2. A takedown of a PNAS paper:

If, as an Academic Editor for PLOS One I had received this article as a manuscript, I would probably have recommended Rejection without sending it out for further review. But if I had sent the manuscript out for review, I would have chosen at least some reviewers with relevant psychometric backgrounds.


By the way, the linked publication has a very high altmetric score (top 5% and it was only published last week).

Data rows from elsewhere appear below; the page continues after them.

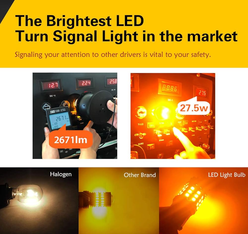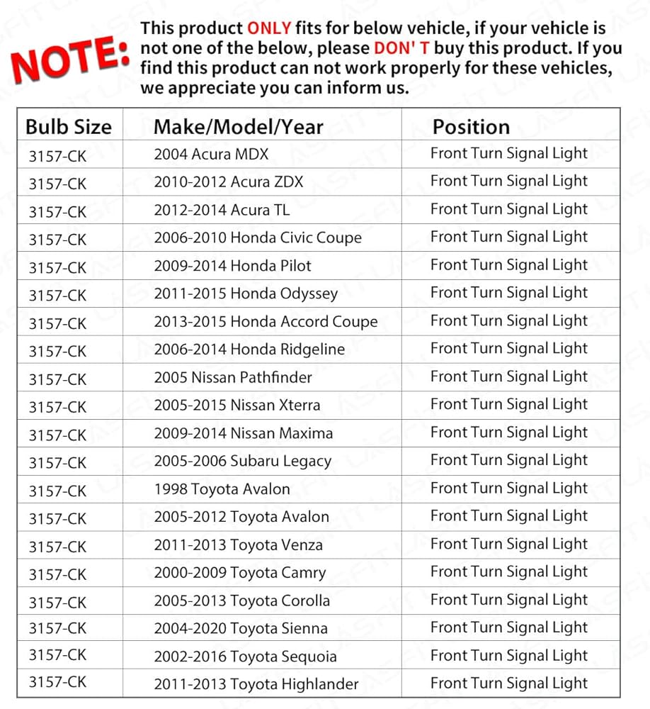 ✦مفتاح مزدوج اللون: يضيء 6000K زينون أبيض لمصابيح وقوف السيارات أو أضواء التشغيل النهارية (DRL)؛ 3000K فلاش كهرماني لمصابيح إشارة الانعطاف أكثر سطوعًا بنسبة 200% من الهالوجين. ملحوظة: هذه المصابيح حساسة للقطبية. إذا لم يضيء مصباح LED بعد إدخاله، فما عليك سوى إزالته وقلب الاتجاه وإعادة تثبيته.
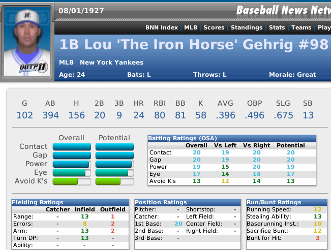 As requested by RchW, here's Harry, Lou Gehrig, Paul Waner, and Rogers Hornsby. The first three are having very good years and have similar ratings for Contact and Gap. Hornsby is having a terrible year, hitting .276 when he hit .361 in reality. The only thing of note is that his Gap rating is slighty lower than that of those other three guys.
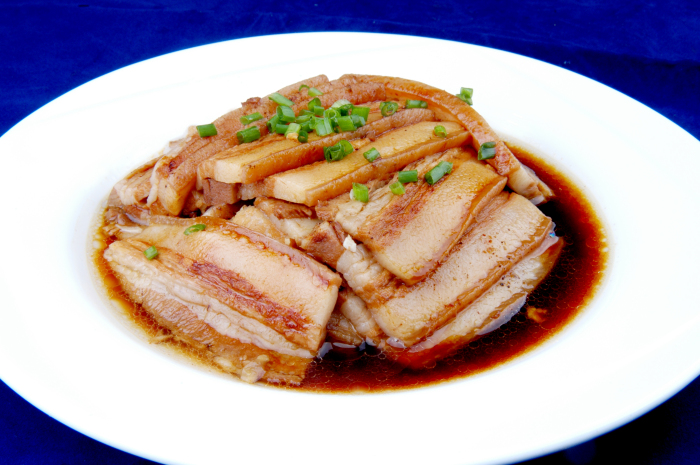 红烧扒肉条:将带皮五花肉放入清水锅内煮至八成熟时捞出,猪皮朝下放入九成热的油中,炸至红黄色捞出,再次晾凉。把烧好的猪肉切成1厘米厚、10厘米长的肉条,皮朝下码在碗内,放入调料,再将肉条扣入汤盘内,原汤加味精、湿淀粉勾芡,浇在肉条上即成。此菜色泽红亮,肉质软烂,油尽绵香,肥而不腻。
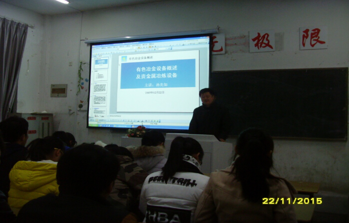 2015年12月22日晚,资源开发系14、15级冶金专业学生齐聚教学楼111教室,聚精会神地听着铜陵有色稀贵金属公司技术高管、教授级高工孙先如关于有色冶炼设备的知识讲座。
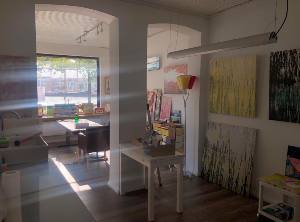 Es stehen spontan bis zu 6 Arbeitsplätze zur Verfügung. Außerdem Papiere, Pappen und Karten zum Gestalten mit Farben, Stiften, Wort- und Bildschnipseln. Ich begleite und unterstütze Sie gerne bei der Umsetzung einer Ideen und berate Sie zu Komposition und Materialwahl. Weitere Informationen zum Atelier finden Sie hier.
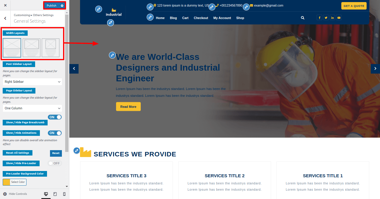 Go To Dashboard >> Appearance >> Customize >> VW Settings >> Other Settings >> General Settings
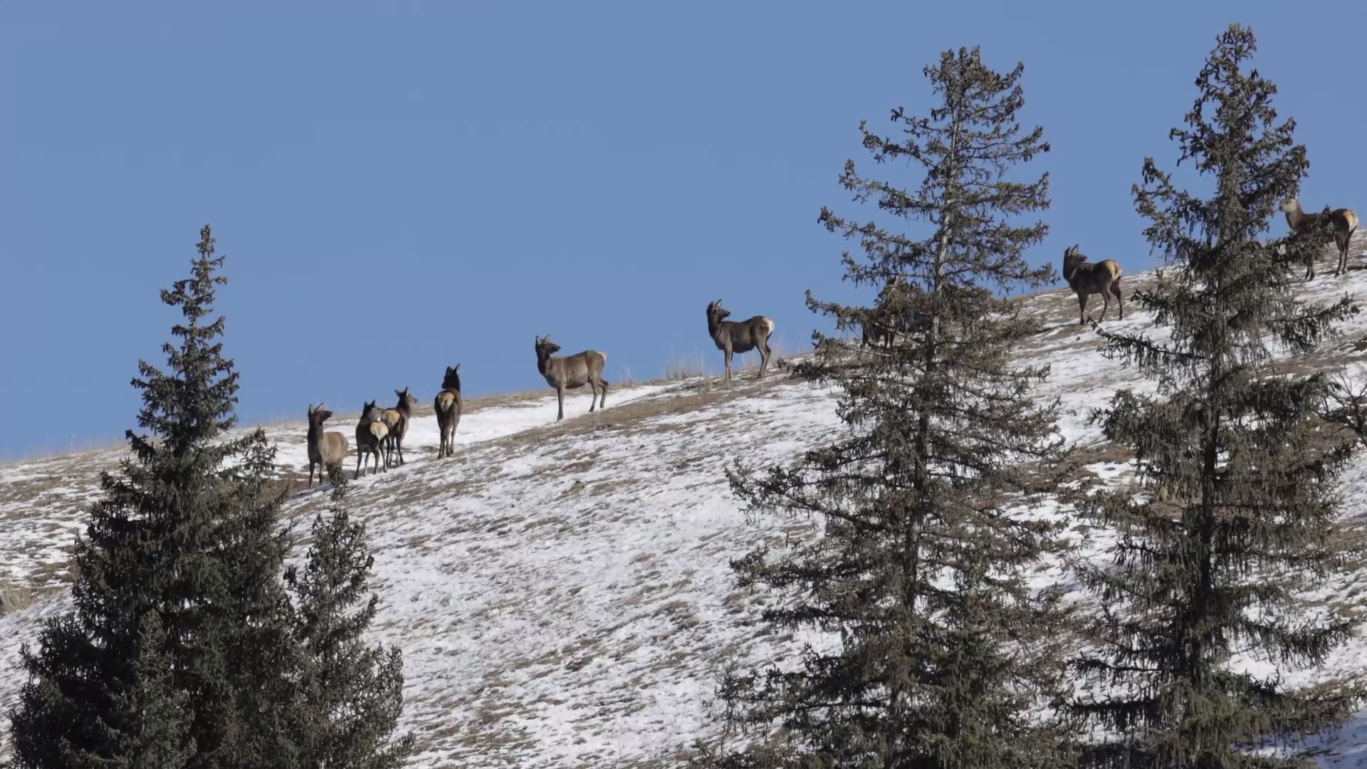 新疆昌吉:野生天山马鹿踏雪觅食 绘就生态向好画卷

3. On learning bioinformatics. This is the 21st century, the hard part is motivation

4. An awesome video via Ed Yong: what happens when a mosquito bites

I typically avoid science popularizations as frustrating to read (often oversimplified to the point of being wrong or trying to spin a scientific point into some BS philosophy), but Ed Yong is so refreshing. He is truly fascinated by the science itself and understands it.

(The Economist, which I used to have time to read, is also excellent at science, as it is at everything else).

5. A gem found by Derek Lowe:

Emma, please insert NMR data here! where are they? and for this compound, just make up an elemental analysis…

In the supplemental data of a published paper.

6. The dangers of lossy image compression: scanning documents semi-randomly changes numbers: because rows of numbers may look very similar in pixel distance, this makes the system reuse patches of the image!

7. The Mighty Named Pipe

[1] I quote from the preprint on arXiv, I hope it hasn’t changed in the final version.